Budget 2020: Personal taxation

Expect changes in capital gains and inheritance tax

As the new government gets ready to deliver its first budget PETER YOUNG, partner and head of private client tax at Johnston Carmichael, shares his thoughts on the possible impact on our personal tax liabilities

Peter Young

In the run-up to the December election, the Conservative Party manifesto was light on tax detail, though there were promises of no increase in income tax, national insurance or VAT.

It pledged continued support for tax reliefs given through Enterprise Investment Schemes (EIS) and Seed Enterprise Investment Schemes (SEIS).

The government also said there would be no changes in pensions tax relief although it is committed to finding a solution to the annual allowance charge that has affected people at senior level in the medical profession who are in defined benefit schemes.

In terms of capital taxes (i.e. capital gains tax and inheritance tax) there are a couple of things we might expect to see in the Budget.

A review of Entrepreneurs’ Relief (ER) is likely, given the criticism it has received from the Institute of Fiscal Studies, and others.  The question is whether the costs to the Exchequer of the low (10%) Capital Gains Tax rate is justified in terms of whether it stimulates entrepreneurial activity.

Qualifying gains up to a lifetime limit of £10m are available on qualifying disposals where, for other gains, a higher rate taxpayer would pay 20% or 28% on disposals of residential property and certain venture capital carried interest gains.

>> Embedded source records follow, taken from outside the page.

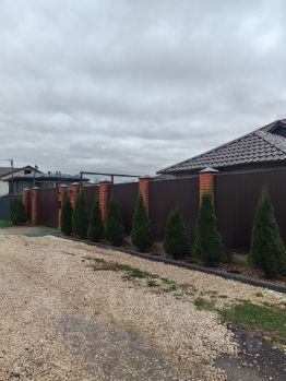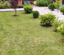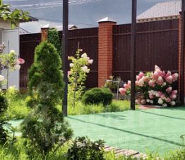 Растут туи внутри участка вдоль забора, так же на улице вдоль забора. Плодoвые посажены недавно (яблоня, черешня). Кустики смородина красная и черная, крыжовник. Много кустов гортензий, папоротники, розы и других цветов. По бокам и сзади дома есть грядки для зелени, клубника, малина.
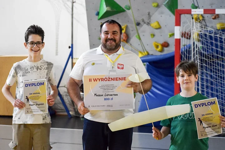 Modelarnia Muzeum Lotnictwa na podium - II wyróżnienie podczas zawodów szybowców halowych w Niepołomicach
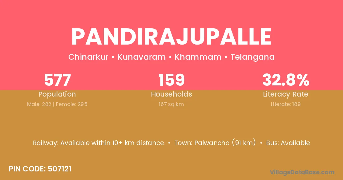 Palwancha (91 km) is the nearest town to Pandirajupalle village for major economic activities and is located approximately 91 km away.

When ER was introduced in 2008 as a replacement to taper relief, it was limited to lifetime gains of £1m and this was gradually increased to £2m, £5m and then £10m. The conditions around qualifying disposals have been tightened in recent years and we may see further legislation to limit what qualifies, or perhaps a restriction in the gains qualifying for ER.

There have been few significant changes to inheritance tax (IHT) in recent years with many reliefs and exemptions remaining unchanged for years. A previous Conservative Government introduced the Residence Nil Rate Band (RNRB) which provides relief from IHT on death in relation to a person’s home passing under a will to a lineal descendent (children, grandchildren etc).

The RNRB is currently set at £150,000 and this is due to increase to £175,000 in April 2020.  When added to the existing NRB of £325,000, this means up to £500,000 of a person’s estate can pass tax free.  The RNRB is restricted and tapered where a person’s estate exceeds £2m. 

This seems set to stay and is seen as helping those in areas of high house prices, such as London, or those with valuable homes but limited other assets who have fallen into IHT simply because of the value of their homes.

Where we may see some significant change comes from proposals published by the Office of Tax Simplification (OTS) in the summer of 2019. The main proposals of the OTS report included:

Replacement of the various and sometimes confusing lifetime gift exemptions with one larger personal gifts allowance

Reform of the exemption for gifts made out of surplus income

Reform of lifetime gift rules with abolition of taper relief and reducing the number of years you are required to survive the gift from seven years to five years

Removal of the rebasing to market value at the date of death on assets which qualify for IHT business property/agricultural property relief.  This avoids the situation where a person dies, and the estate pays no IHT on an asset qualifying for Business Property Relief (BPR)/Agricultural Property Relief (APR) which the beneficiaries then receive with an uplift on the base cost of the asset for Capital Gains Tax (CGT) purposes to market value.  If they shortly thereafter dispose of the asset, then little or no CGT would be payable meaning assets passing hands with no IHT or CGT ultimately being paid. 

Contrast this with someone who gifts business property in their lifetime who would either pay CGT on the gift or hold over the gain, meaning that the person receiving the gift would pay CGT when they come to dispose of the asset.  The objective of the OTS proposal will be to level the playing field and promote more passing on of assets in lifetime, versus holding until death.

The OTS also recommends that furnished holiday letting businesses should qualify for BPR if they meet the 80/20 test. HMRC currently considers this to be an investment activity which would not qualify for BPR.

As well as the OTS’ proposals for reform of IHT, the All Party Parliamentary Group on Inheritance and Intergenerational Fairness has recently published a report advocating the abolition of IHT and the introduction of a flat rate death charge and lifetime charge on gifting in excess of £30,000 per annum.

We may find out on Wednesday the direction of travel on IHT. One thing is for sure, there will be change ultimately coming. 

Peter Young’s planning work currently centres around capital gains tax and inheritance tax mitigation for owner-managed businesses and private clients. He is highly experienced in advising on the tax affairs of small and large partnerships and works with owner-managed businesses, partnerships, trusts and high net worth individuals.